Two police officers emerged from the bushes.

"I went ahead and called you to the crime scene because I am not afraid of wearing women's very trendy t-shirts, and I am not afraid of speaking the truth. While everyone else was running around burying the evidence like dog shit in the sand, I was watching, I was waiting, I was..."

"Hurry up or I'm going back into my coma," Just Get It Over With grumbled from where they had dragged and left her on the sidewalk.

"It was Miss Delivery! By the Zoo! With the Oak Stick!" Just Doesn't Get It pointed with a flourish.

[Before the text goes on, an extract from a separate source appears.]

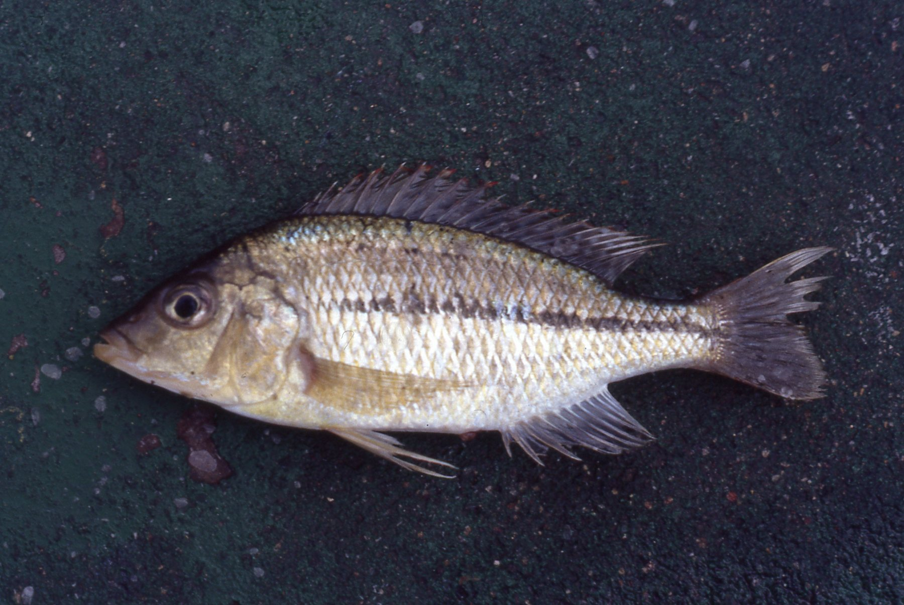 Protomelas kirkii, female, caught in beach seine at Monkey Bay, Lake Malawi

The crowd turned as one to take in Miss Delivery standing by the side of the van, hurriedly scrubbing the remnants of flour from his hands.

"Oh. Shoot." Miss Delivery looked around and suddenly ran off into the darkness.

Just Serg shrugged. "It's probably best he's gone. We aren't real cops anyways."

Just David nodded. "I just answered the Craigslist ad."

"OK, Mr. Hand Pump," Just Doesn't Get It nodded.  "Take 'em away. I'm gonna go home and sleep with my wife."

Do Her Well shrugged. "The odds are good, but the goods are also odd."